On Friday, December 2nd, a conference was organized jointly by the Bank of Thailand (BOT) and the Bank for International Settlements (BIS) to explore the roles of central banks in promoting economic growth and containing inflation.
Senior executives from foreign central banks and worldwide financial institutions met at the conference with the topic “Central Banking Amidst Shifting Ground” to discuss global economic circumstances, inflation, financial innovations, and climate change.
BOT Governor Sethaput Suthiwartnarueput gave the opening remarks, highlighting three challenges facing central banks around the world: a rapidly changing economic backdrop that has transformed the nature of the underlying policy challenge; a need for new conceptual frameworks to guide policy; and new institutional pressure points on policy mandates and central bank independence.
According to Sethaput, inflation has “returned with a fury” because global supply networks are under extreme stress due to the high increase in global demand following the epidemic, paired with a shift of that demand from services to products.
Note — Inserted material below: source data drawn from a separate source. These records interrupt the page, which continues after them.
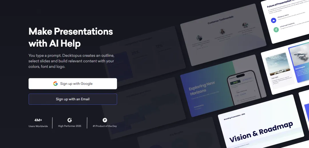 核心定位:专为Google Slides打造的AI生成插件,无缝集成到Google办公套件中。文本转幻灯片效率高SlidesAI特别擅长处理大段文字内容。当你粘贴一篇文章或会议记录时,插件会自动分析段落结构,将要点提取为独立页面。每页保留核心观点,去除冗余信息,确保幻灯片内容简洁明了。引用来源标注清晰在学术演示和研究报告场景中,SlidesAI支持自动标注内容来源。如果生成的幻灯片引用了某份文档或网页的信息,会在页面底部添加引用说明,符合学术规范要求。免费额度友好相比其他AI生成PPT工具,SlidesAI提供的免费额度更加慷慨。免费用户每月可以生成10份演示文稿,每份最多30页,对于个人用户和小团队来说基本够用。付费版本也比同类产品便宜,性价比突出。05 Decktopus
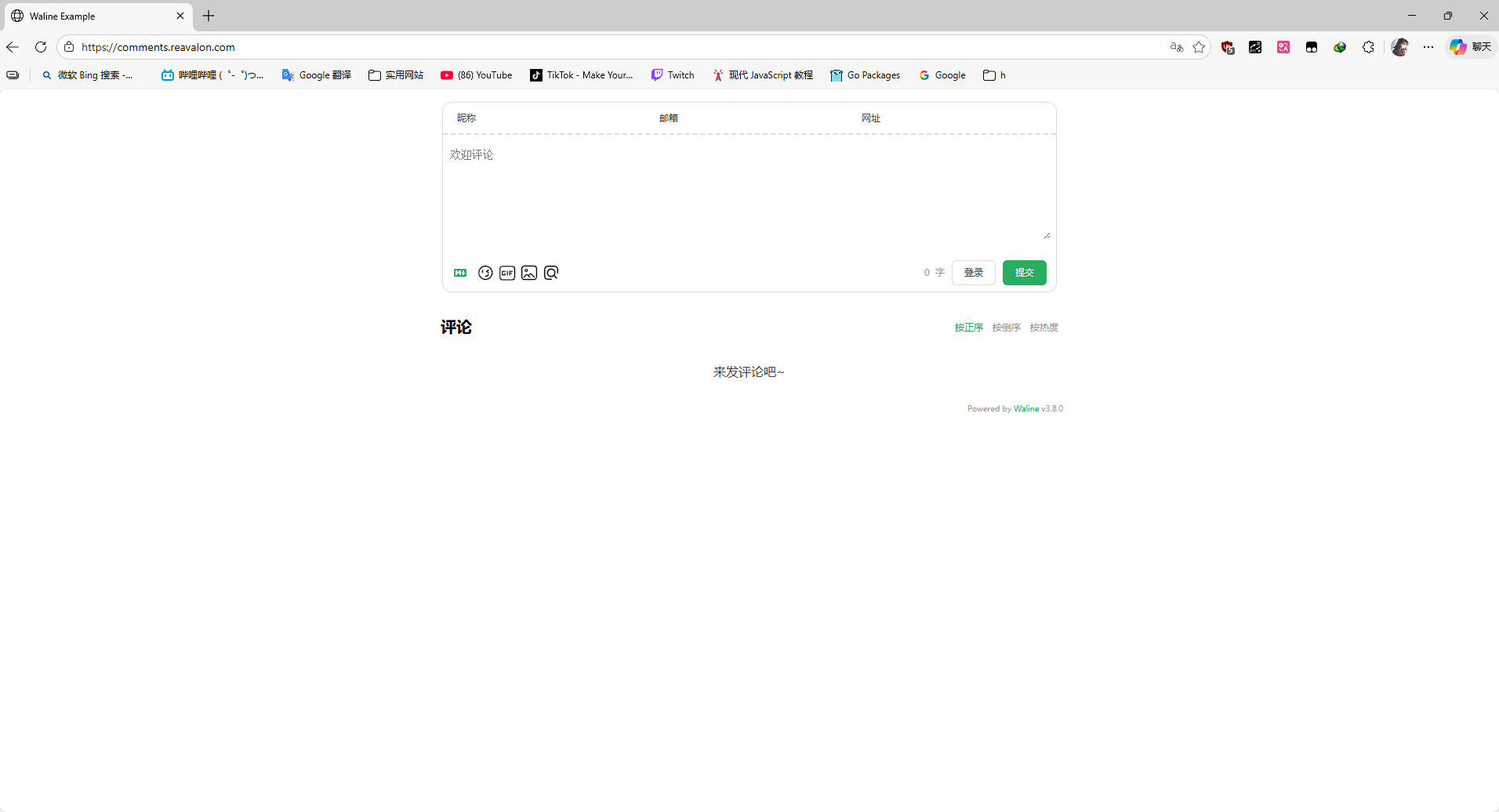 打开 https://comments.reavalon.com,首次访问应该是这个样子
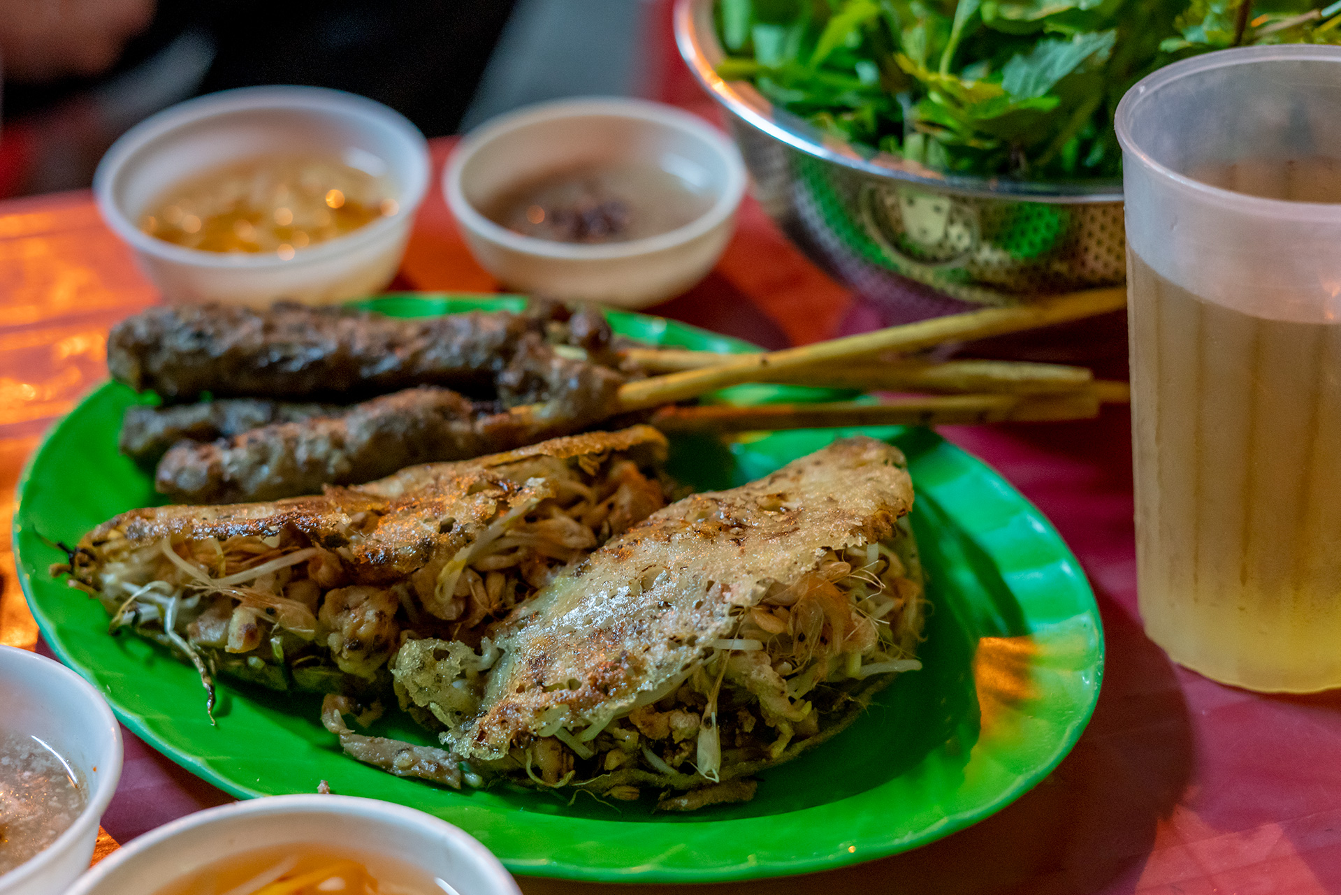 Local foods: fried spring rolls, papaya salad, Pho noodle soup, banh mi (a Vietnamese sandwich), steam rice pancakes, glutinous rice doughnuts, local ice cream, sweet soup, and fruits……

He added that supply headwinds and higher pricing pressures will likely be exerted in the future due to increased fragmentation, an aging population, and the expensive but required green shift.
Maintaining economic and financial stability in the face of shifting fault lines, as Sethaput put it, “will require a steady hand,” and “staying focused on achieving our core mandates, ensuring that expectations for our policy goals are commensurate with the tools we have while recognizing the potential unintended side effects of those tools.”